* _What is needed_: Please restate, word for word, the lines below that begin at the one with "బొంబాయి: ఉన్నత పాఠశాలలో" and end at the one with "బొంబాయి, జనవరి 23: గణతంత్ర". Leave out all other lines.

* _Supplied information_:
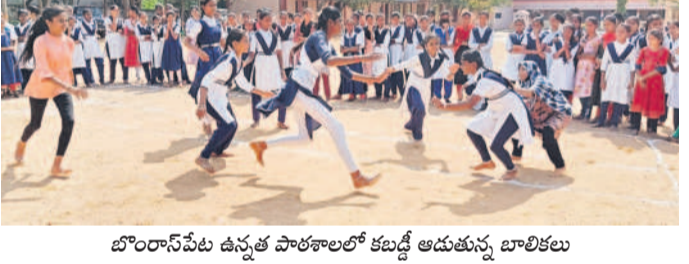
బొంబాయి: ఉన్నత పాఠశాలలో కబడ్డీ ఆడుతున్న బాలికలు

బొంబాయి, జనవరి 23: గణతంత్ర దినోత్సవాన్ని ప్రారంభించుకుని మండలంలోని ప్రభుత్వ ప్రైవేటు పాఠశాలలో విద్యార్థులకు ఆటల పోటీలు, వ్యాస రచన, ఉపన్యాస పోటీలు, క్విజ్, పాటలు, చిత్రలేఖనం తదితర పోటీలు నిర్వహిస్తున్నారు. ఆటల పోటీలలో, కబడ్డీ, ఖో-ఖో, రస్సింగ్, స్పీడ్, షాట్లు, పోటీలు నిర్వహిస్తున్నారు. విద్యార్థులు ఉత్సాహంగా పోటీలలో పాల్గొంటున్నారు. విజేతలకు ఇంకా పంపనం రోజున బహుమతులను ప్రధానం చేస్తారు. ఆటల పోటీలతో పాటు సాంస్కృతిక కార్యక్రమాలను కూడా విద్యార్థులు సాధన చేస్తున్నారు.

==

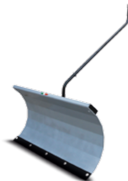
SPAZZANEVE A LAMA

* * *

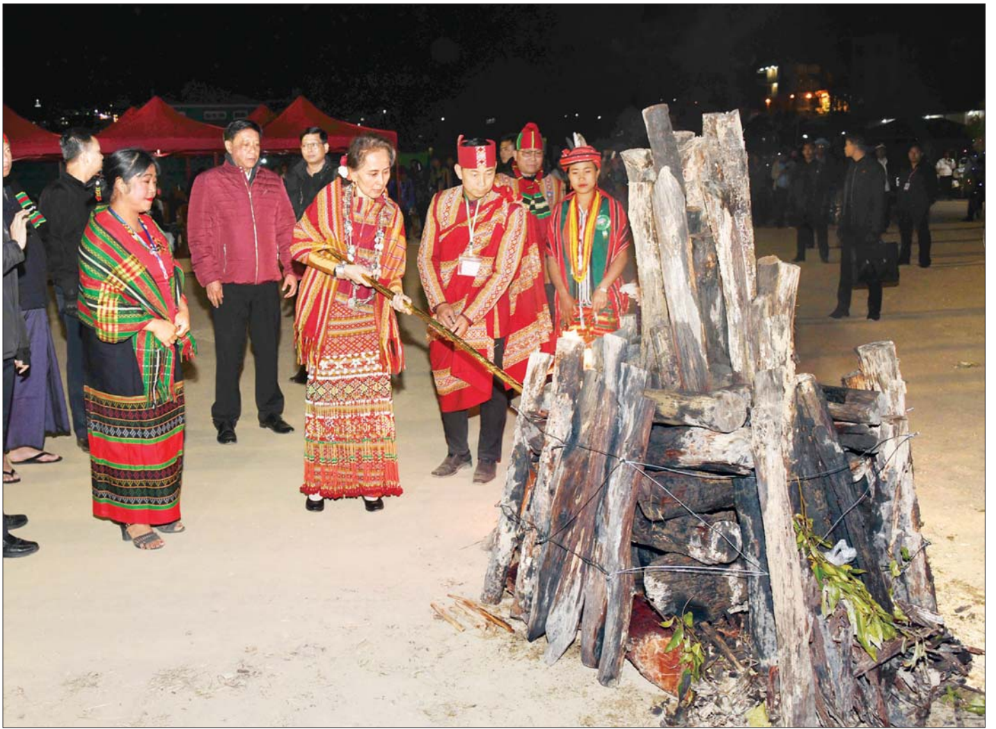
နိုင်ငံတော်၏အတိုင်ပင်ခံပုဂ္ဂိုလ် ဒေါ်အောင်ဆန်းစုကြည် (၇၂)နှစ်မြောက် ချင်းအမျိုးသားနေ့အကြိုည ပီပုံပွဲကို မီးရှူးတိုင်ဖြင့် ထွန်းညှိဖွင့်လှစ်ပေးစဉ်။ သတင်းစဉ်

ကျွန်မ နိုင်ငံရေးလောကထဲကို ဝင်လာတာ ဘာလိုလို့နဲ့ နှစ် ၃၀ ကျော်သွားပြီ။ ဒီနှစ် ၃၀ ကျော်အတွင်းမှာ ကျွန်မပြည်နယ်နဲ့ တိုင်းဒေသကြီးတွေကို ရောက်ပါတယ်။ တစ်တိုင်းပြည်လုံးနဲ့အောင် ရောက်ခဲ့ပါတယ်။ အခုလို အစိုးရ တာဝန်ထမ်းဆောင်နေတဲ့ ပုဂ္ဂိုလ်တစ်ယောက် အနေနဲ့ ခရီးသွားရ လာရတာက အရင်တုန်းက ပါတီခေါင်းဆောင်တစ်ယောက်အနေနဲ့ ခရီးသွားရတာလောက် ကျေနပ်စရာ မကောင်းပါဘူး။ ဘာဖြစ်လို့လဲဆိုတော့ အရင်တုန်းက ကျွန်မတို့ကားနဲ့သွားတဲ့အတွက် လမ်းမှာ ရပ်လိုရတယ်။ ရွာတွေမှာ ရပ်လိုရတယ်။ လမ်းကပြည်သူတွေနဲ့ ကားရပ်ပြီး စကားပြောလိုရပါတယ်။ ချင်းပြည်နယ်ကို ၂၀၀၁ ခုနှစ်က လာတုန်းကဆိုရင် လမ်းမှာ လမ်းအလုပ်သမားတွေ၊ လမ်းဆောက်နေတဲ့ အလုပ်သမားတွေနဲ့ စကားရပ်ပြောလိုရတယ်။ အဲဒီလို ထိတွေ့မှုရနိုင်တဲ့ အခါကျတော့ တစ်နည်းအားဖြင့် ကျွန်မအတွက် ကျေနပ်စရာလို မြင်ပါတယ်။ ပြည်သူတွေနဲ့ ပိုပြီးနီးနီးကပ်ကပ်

* _Task answer_:
బొంబాయి: ఉన్నత పాఠశాలలో కబడ్డీ ఆడుతున్న బాలికలు

బొంబాయి, జనవరి 23: గణతంత్ర దినోత్సవాన్ని ప్రారంభించుకుని మండలంలోని ప్రభుత్వ ప్రైవేటు పాఠశాలలో విద్యార్థులకు ఆటల పోటీలు, వ్యాస రచన, ఉపన్యాస పోటీలు, క్విజ్, పాటలు, చిత్రలేఖనం తదితర పోటీలు నిర్వహిస్తున్నారు. ఆటల పోటీలలో, కబడ్డీ, ఖో-ఖో, రస్సింగ్, స్పీడ్, షాట్లు, పోటీలు నిర్వహిస్తున్నారు. విద్యార్థులు ఉత్సాహంగా పోటీలలో పాల్గొంటున్నారు. విజేతలకు ఇంకా పంపనం రోజున బహుమతులను ప్రధానం చేస్తారు. ఆటల పోటీలతో పాటు సాంస్కృతిక కార్యక్రమాలను కూడా విద్యార్థులు సాధన చేస్తున్నారు.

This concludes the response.